### EXERCISE INPUT ###

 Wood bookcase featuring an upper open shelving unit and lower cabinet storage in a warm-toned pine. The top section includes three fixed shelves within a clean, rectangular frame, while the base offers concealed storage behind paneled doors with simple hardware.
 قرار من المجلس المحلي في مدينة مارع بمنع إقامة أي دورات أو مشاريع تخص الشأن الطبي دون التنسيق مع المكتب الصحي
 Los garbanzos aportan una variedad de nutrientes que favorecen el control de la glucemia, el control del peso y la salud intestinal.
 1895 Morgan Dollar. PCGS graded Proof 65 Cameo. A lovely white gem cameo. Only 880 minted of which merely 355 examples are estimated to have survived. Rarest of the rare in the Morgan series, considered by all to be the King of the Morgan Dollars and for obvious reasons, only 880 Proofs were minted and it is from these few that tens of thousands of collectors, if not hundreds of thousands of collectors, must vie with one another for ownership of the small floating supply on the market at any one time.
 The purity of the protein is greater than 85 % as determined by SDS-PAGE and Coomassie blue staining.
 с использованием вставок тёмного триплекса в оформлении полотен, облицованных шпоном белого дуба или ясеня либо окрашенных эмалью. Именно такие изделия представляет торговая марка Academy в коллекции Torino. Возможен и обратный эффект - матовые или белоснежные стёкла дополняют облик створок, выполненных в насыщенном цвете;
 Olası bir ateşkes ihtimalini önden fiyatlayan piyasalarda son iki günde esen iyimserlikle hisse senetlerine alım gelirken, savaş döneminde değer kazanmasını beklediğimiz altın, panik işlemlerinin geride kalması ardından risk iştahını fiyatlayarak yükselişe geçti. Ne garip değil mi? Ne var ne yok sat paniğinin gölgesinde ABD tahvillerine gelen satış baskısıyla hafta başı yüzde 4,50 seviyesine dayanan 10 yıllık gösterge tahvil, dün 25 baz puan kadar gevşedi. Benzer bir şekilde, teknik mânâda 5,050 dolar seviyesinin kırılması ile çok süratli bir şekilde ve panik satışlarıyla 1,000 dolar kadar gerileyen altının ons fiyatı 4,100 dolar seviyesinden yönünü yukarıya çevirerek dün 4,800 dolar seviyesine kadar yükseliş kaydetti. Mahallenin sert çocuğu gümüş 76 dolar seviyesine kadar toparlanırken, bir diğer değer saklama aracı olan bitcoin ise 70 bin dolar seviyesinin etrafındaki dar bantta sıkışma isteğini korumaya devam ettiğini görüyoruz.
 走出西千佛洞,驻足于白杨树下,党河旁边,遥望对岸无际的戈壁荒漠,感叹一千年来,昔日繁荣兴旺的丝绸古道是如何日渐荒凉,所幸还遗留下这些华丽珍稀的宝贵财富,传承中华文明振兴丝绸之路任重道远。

###
### EXERCISE INPUT ###

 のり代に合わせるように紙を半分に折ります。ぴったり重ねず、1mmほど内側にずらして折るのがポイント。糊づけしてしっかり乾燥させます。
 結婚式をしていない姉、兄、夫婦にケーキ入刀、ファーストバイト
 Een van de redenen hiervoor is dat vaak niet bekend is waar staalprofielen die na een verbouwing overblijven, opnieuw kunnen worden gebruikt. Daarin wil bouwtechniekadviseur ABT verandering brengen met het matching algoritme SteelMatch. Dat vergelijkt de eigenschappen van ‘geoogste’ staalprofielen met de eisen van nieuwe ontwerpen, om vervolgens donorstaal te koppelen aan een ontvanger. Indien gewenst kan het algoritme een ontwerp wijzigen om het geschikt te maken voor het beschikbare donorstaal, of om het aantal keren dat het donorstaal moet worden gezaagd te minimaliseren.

###
### EXERCISE INPUT ###

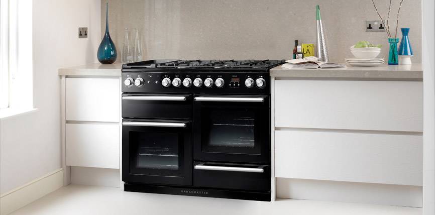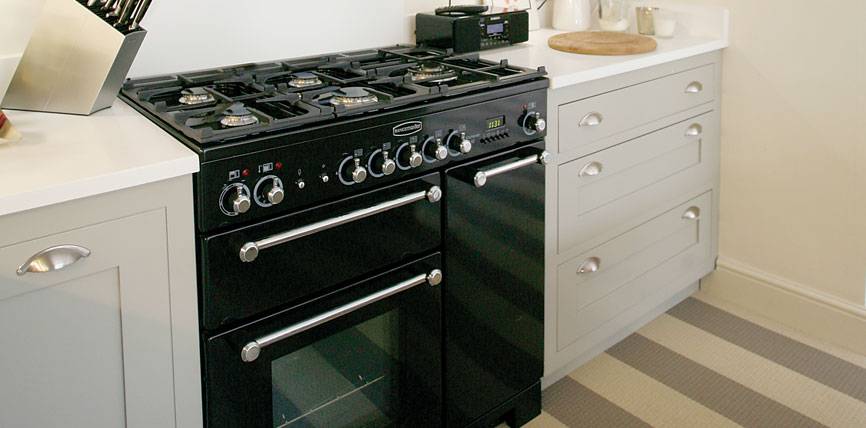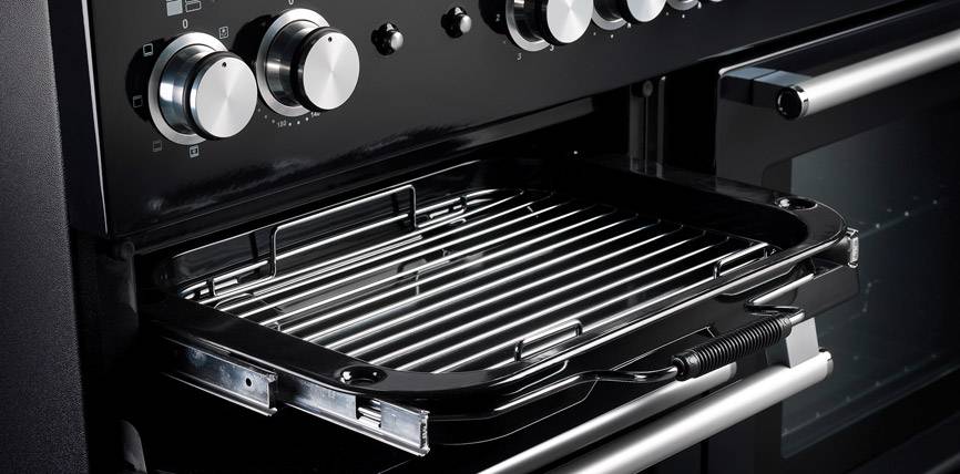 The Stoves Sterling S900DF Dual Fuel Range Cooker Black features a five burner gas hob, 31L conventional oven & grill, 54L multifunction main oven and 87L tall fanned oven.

###

- YOUR ASSIGNMENT
Of all the entries above, output exactly the lines between the one holding "1895 Morgan Dollar." and the one holding "The purity of", inclusive.

- RESPONSE AREA
 1895 Morgan Dollar. PCGS graded Proof 65 Cameo. A lovely white gem cameo. Only 880 minted of which merely 355 examples are estimated to have survived. Rarest of the rare in the Morgan series, considered by all to be the King of the Morgan Dollars and for obvious reasons, only 880 Proofs were minted and it is from these few that tens of thousands of collectors, if not hundreds of thousands of collectors, must vie with one another for ownership of the small floating supply on the market at any one time.
 The purity of the protein is greater than 85 % as determined by SDS-PAGE and Coomassie blue staining.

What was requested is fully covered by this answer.